Your next task is to analyze the sales data for customers from each different country.  

In particular, you have been directed to calculate data, for each country, on the:

- total number of customers
- total value of sales
- average value of sales per customer
- average order value  

Because there are a number of countries with only one customer, you should group these customers as "Other" in your analysis.


In [12]:
q3 = ''' 
-- What do I need to answer this question?
-- 1. list of customer -> customer table
-- 2. country of each customer -> customer table
-- 3. number of customer by each country -> customer table
-- 3. list of orders (for total sales value) -> invoice table
-- 4. average sales per country -> invoice table 

WITH data_by_country AS (
	SELECT
		c.country,
		COUNT(DISTINCT customer_id) AS num_of_customers,
		SUM(i.total) AS total_sales,
		SUM(i.total)/COUNT(DISTINCT customer_id) AS avg_sales_per_customer,
		AVG(i.total) AS avg_sales_per_order
	FROM customer AS c
	JOIN invoice AS i USING(customer_id)
	GROUP BY c.country
	ORDER BY c.country
),
country_labeled AS (
	SELECT
		CASE WHEN
			num_of_customers = 1 THEN 'Other' ELSE country END AS country,
		num_of_customers,
		total_sales,
		avg_sales_per_customer,
		avg_sales_per_order
	FROM data_by_country
)
SELECT 
	country,
	SUM(num_of_customers) AS number_of_customers,
	SUM(total_sales) AS total_sales,
	-- Basically here I just calculate the average values for the 'Other' countries.
    -- I avoid round to avoid losing precision when I am exporting the data to Power Bi.
	AVG(avg_sales_per_customer) AS avg_sales_per_customer,
	AVG(avg_sales_per_order) AS avg_sales_per_order
FROM country_labeled
GROUP BY country
ORDER BY
-- Put 'Other' countries last and then order by total sales
	CASE WHEN
		country='Other' THEN 0
	ELSE 1 END DESC,
	total_sales DESC;
'''
run_query(q3)

Unnamed: 0,country,number_of_customers,total_sales,avg_sales_per_customer,avg_sales_per_order
0,USA,13,1040.49,80.037692,7.942672
1,Canada,8,535.59,66.94875,7.047237
2,Brazil,5,427.68,85.536,7.011148
3,France,5,389.07,77.814,7.7814
4,Germany,4,334.62,83.655,8.161463
5,Czech Republic,2,273.24,136.62,9.108
6,United Kingdom,3,245.52,81.84,8.768571
7,Portugal,2,185.13,92.565,6.383793
8,India,2,183.15,91.575,8.721429
9,Other,15,1094.94,72.996,7.445071


#### 📊 Findings and Recommendation

The United States is clearly the most valuable customer market, producing the highest total sales and representing the largest customer base (13 customers with over $1,040 in total sales).

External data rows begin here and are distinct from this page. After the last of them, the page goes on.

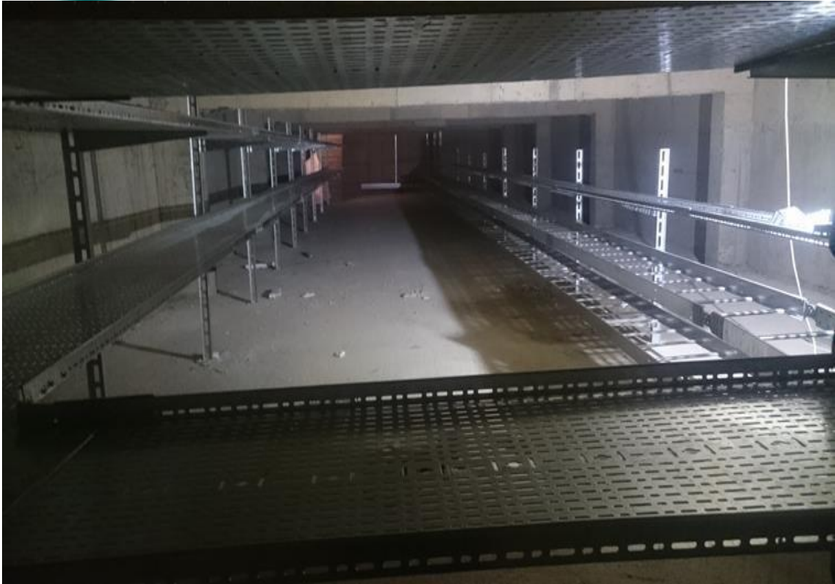
Cable Tray Installation to Cable Galery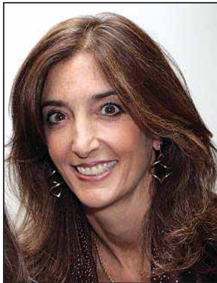
FILLER-CORN ... newest delegate

A multitude of Democrats from Arlington braved the foul weather and piles of black-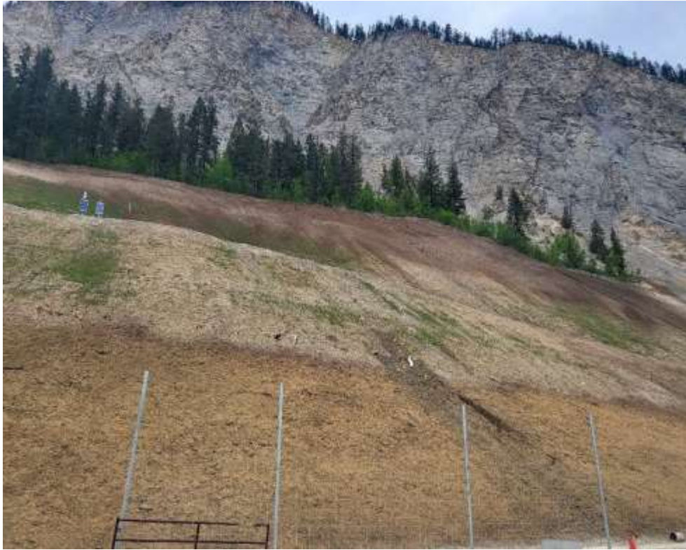
Figure 1: Hydroseeding complete at Pronghorn Cut – June 4, 2024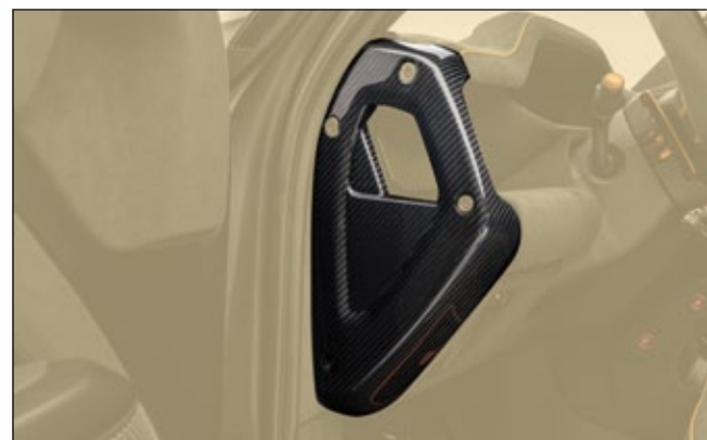
Carbon dashboard side cover ..... LRD 390 105 2 parts set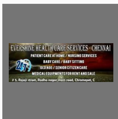
Care Giver Nurse Jobs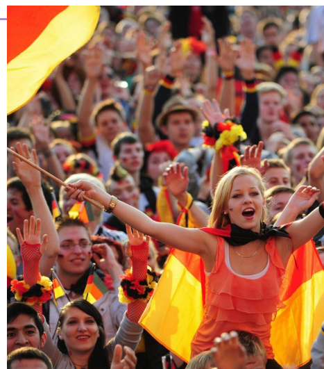
Supported by its passionate fans, Germany won the World Cup in 2014.

Despite these statistics, there are new prospects for evangelism. A massive flow of migrant peoples and the world's third-highest population of international students are among the unique missional openings for German believers. Pray for new and existing churches to rise to meet these opportunities.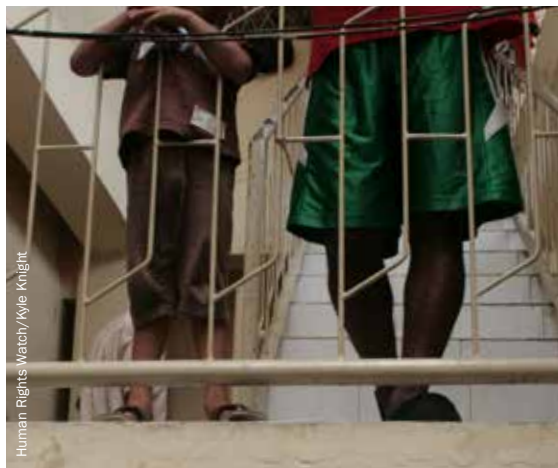
Two asylum-seeking boys at Belawan Immigration Detention Centre, North Sumatra.

months.... I want to be released and I don't want to stay longer.” Sharzad shared her cell with six adult women to whom she was not related and with whom she was unable to communicate.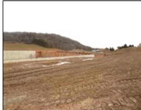
Figure 6. Concrete forms are being removed.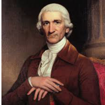
Charles Thomson (1729-1824) was an Irish-born Patriot leader in Philadelphia during the American Revolution and the secretary of the Continental Congress (1774-1789) throughout its existence.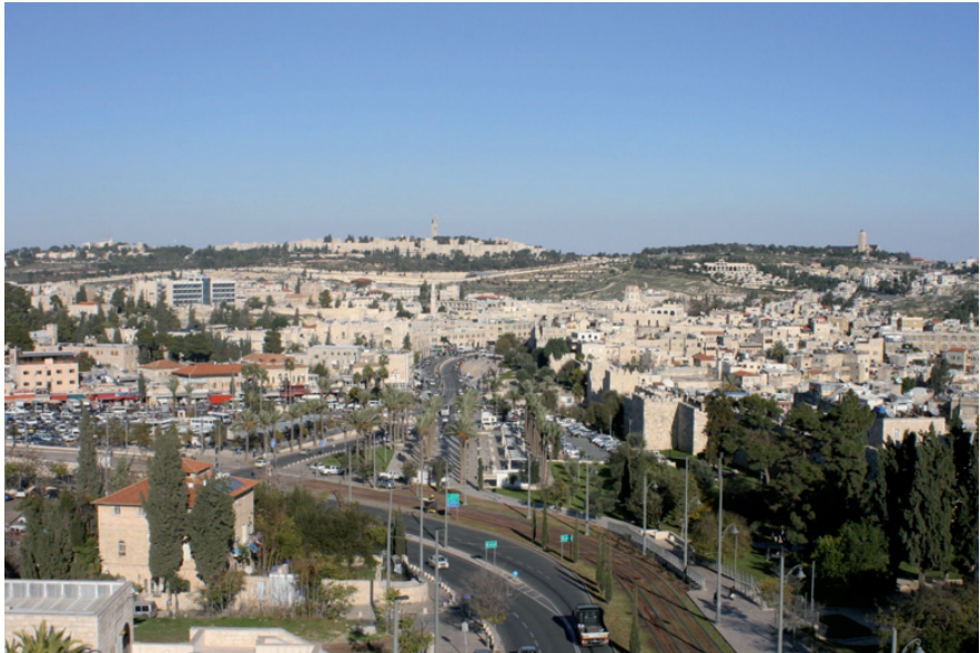
Junction between Sultan Sulaiman Road and Road number 1

July 2016 marks the 16 th anniversary of the start of Camp David negotiations between Israelis and Palestinians, mediated by the United States. The resulting failure reversed years of incremental advances in bridging the gap between Israelis and Palestinians and put an end to a period of hope that the conflict was on its way to resolution. No single issue was more responsible for the failure than that of Jerusalem.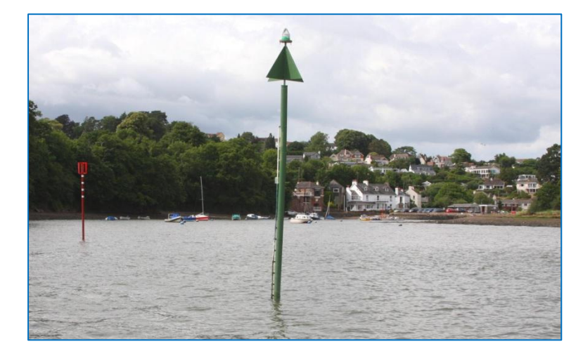
Entrance to Stoke Gabriel Creek (Chart point 8)

Stoke Gabriel offers pubs, the quayside 'River Shack' cafe/bistro, ice cream and great crabbing. Outside the creek, there are a few visitors mooring buoys. Red and green posts indicate that the channel meanders to the port bank then over to starboard of the dinghy pontoon. The creek leads to a dam; on which it's possible to tie-up, but most people moor outside and dinghy in.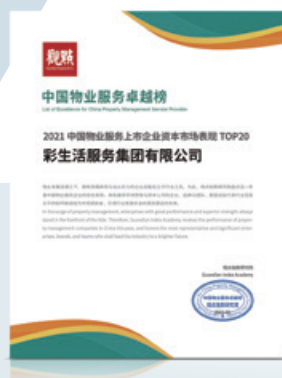
3. "2021 Top 20 Listed Property Management Companies of Outstanding Capital Market Performance in China" (2021中國物業服務上市企業資本市場表現TOP20) by Guandian Index Academy in March 2021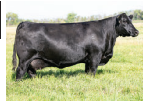
Dam Fay 4J

ACT BW 96 A powerhouse Preacher son out of our next future donor cow, 4J. 516N has been one of our favorites since birth; tons of mass, big hiped and that herdbull look. His dam is a beautiful Tribute daughter who gets the job done - her bull calf last year sold for $20,000 to Little Rainbow Ranch. If you want to pound down the scales in the fall on a set of calves, this is the guy that will get it done.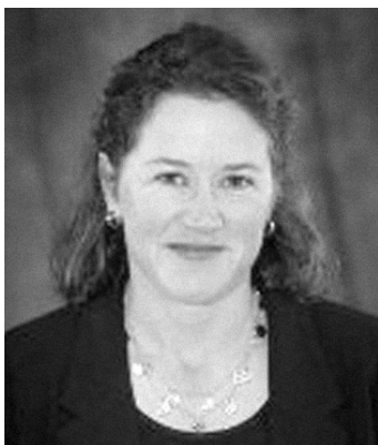
CITY COUNCILOR BELINDA RAY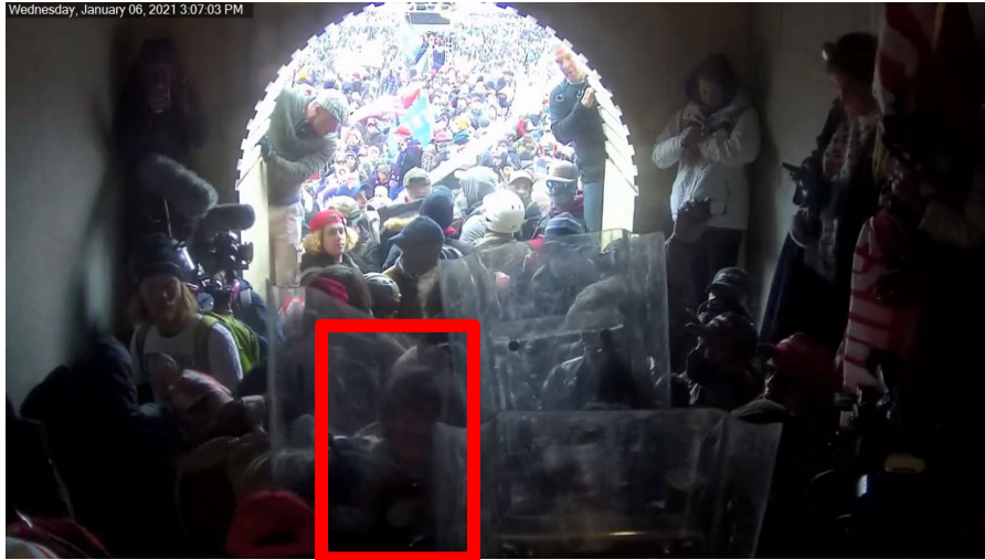
Figure 9: Screenshot from Sentencing Exhibit 005, CCV Footage at the Lower West Terrace Tunnel, at 3:07:03 p.m.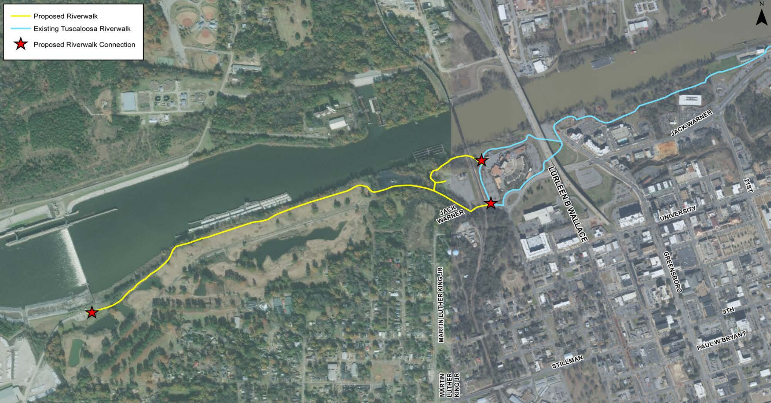
Proposed Western Extension (2018 Riverwalk Master Plan Update)

Canada, Brazil, and France also show strong performance across both customer count and total revenue.

To simpiply the result, countries with only one customer were grouped under the label “Other”. While this group collectively contributed the highest total sales after the USA, it’s composed of many low-representation markets, which makes individual country-level insights less actionable.

Interestingly, countries like Portugal, India, and Czech Republic, despite having just 2 customers each, show high average sales per customer. This suggests potential for an expansion or personalized engagement strategies in these smaller yet high-value markets.

#### 4. Among invoices that contain tracks from a single album, what proportion represent full album purchases versus partial (individual track) purchases?

The Chinook music store allows customers to either purchase a full album or select individual tracks. Management is considering a cost-saving strategy:   
licensing only popular tracks instead of full albums.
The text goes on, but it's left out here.